Cayman registers almost 20% of FATCA Foreign Financial Institutions globally; more than the UK, Switzerland and Luxembourg combined

Guernsey – population 65 thousand – was recently reported to be eighth worldwide in number of Foreign Financial Institutions registered under the US Foreign Account Tax Compliance Act (FATCA). FATCA, which became law in March of 2010, requires foreign financial institutions (FFIs) with US clients to register with the IRS.

Which countries have registered the most Foreign Financial Institutions under FATCA so far?

According to official data on the IRS website, the frontrunner as of June 2014 is the Cayman Islands, with over 17.000 registered Foreign Financial Institutions, almost 20% of the worldwide total.

What is remarkable is the extent of Cayman’s advantage over the rest: it has more FFIs than the UK, Switzerland and Luxembourg – the next three countries with most FFIs – put together. Considering that the population of Cayman is only 57 thousand, on a per capita basis that is almost one Foreign Financial Institution for every 3 inhabitants. Or over 1300 times more FFIs per capita than the UK, Luxembourg and Switzerland combined.

FATCA has a broad definition of Foreign Financial Institution which includes not just banks but also insurance companies, hedge funds and private equity funds, among others. Although the IRS data is not disaggregated by type of financial institution, the majority of Cayman FFIs are likely to be investment funds.

The table below shows the 20 countries with the most FFIs registered with the IRS, together with each country’s Financial Secrecy Index ranking. These 20 countries – out of a total of 221 jurisdictions listed on the IRS FATCA database – account for 77% of worldwide Foreign Financial Institutions registered with the IRS.

Top 20 jurisdictions by total number of Foreign Financial Institutions registered with IRS

FATCA top 20

Sources: based on data from the IRS website. FSI = Financial Secrecy Index rank.

Estimates of wealth held offshore vary from a conservative 8% of the global financial wealth of households (or USD 7.6 trillion – Gabriel Zucman) up to 21 to 32 trillion USD (Tax Justice Network). The Italian Financial Intelligence Unit recently produced a new estimate of 9.5 trillion in offshore wealth, based on IMF data.

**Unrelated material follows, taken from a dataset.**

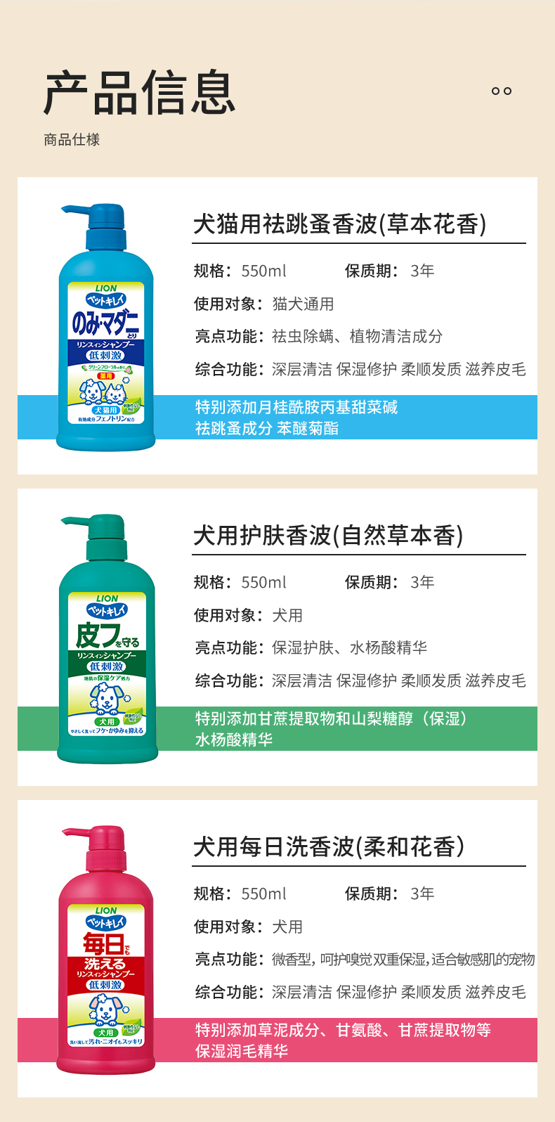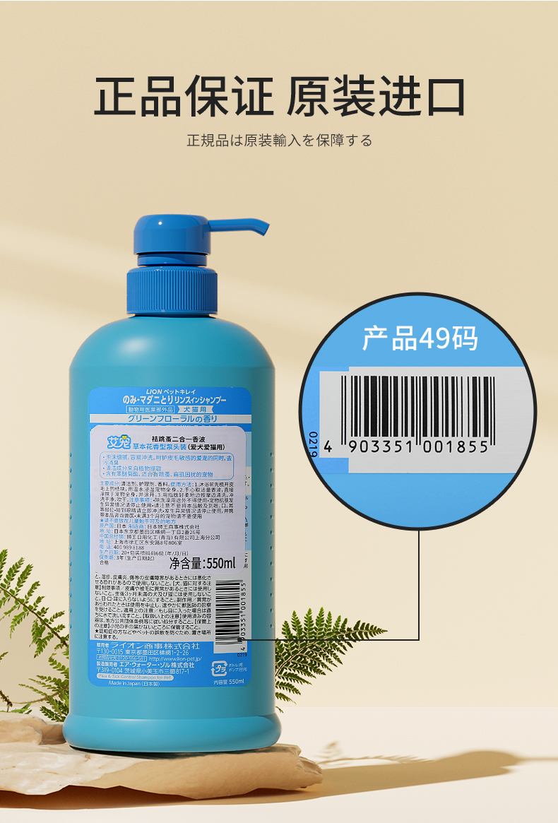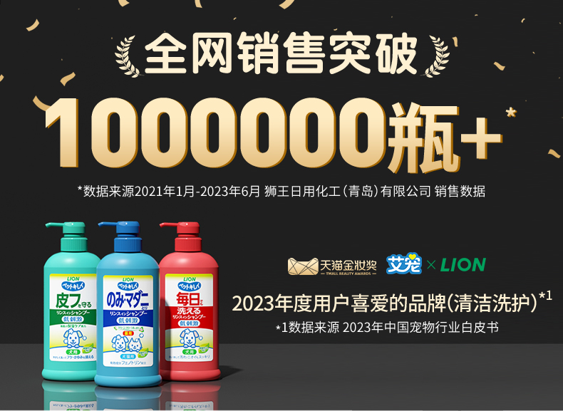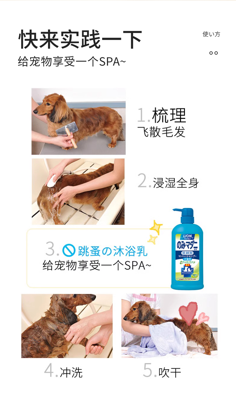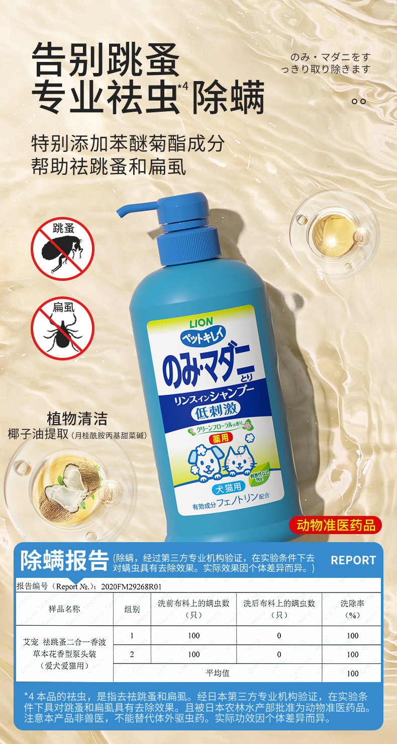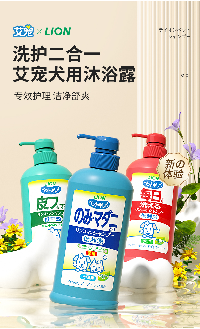 Lion狮王猫狗沐浴露祛蚤洗护二合一宠物香波330ml/瓶

The FATCA data on Foreign Financial Institutions confirms the predominant role of secrecy jurisdictions and offshore centres in the global financial system:

– Thirteen of the top 20 countries with most FFIs are also in the top 20 on the Financial Secrecy Index (FSI – see shaded countries in last column of table above), including Switzerland and Luxembourg which are ranked 1st and 2nd on the FSI respectively.

– Looking at FFIs on a per capita basis, the top 5 jurisdictions become: the Cayman Islands, British Virgin Islands, Guernsey, Bermuda and Jersey. These five offshore jurisdictions, all of which are British Overseas Territories or Crown Dependencies, have a combined population of 313 thousand – equivalent to Riverside, California, or the city of Catania in Italy – and yet have registered 29% of FFIs worldwide.

This is why tax justice advocates argue that the new global standard for automatic exchange of tax information announced by the OECD yesterday needs to go further: although it is “very important step forward” (Global Financial Integrity), the proposed global standard is also “open to abuse by tax havens unwilling to divulge details of those taking advantage of the secrecy they offer” and makes it “too easy for developing countries to be excluded” from the sharing of tax information (Christian Aid).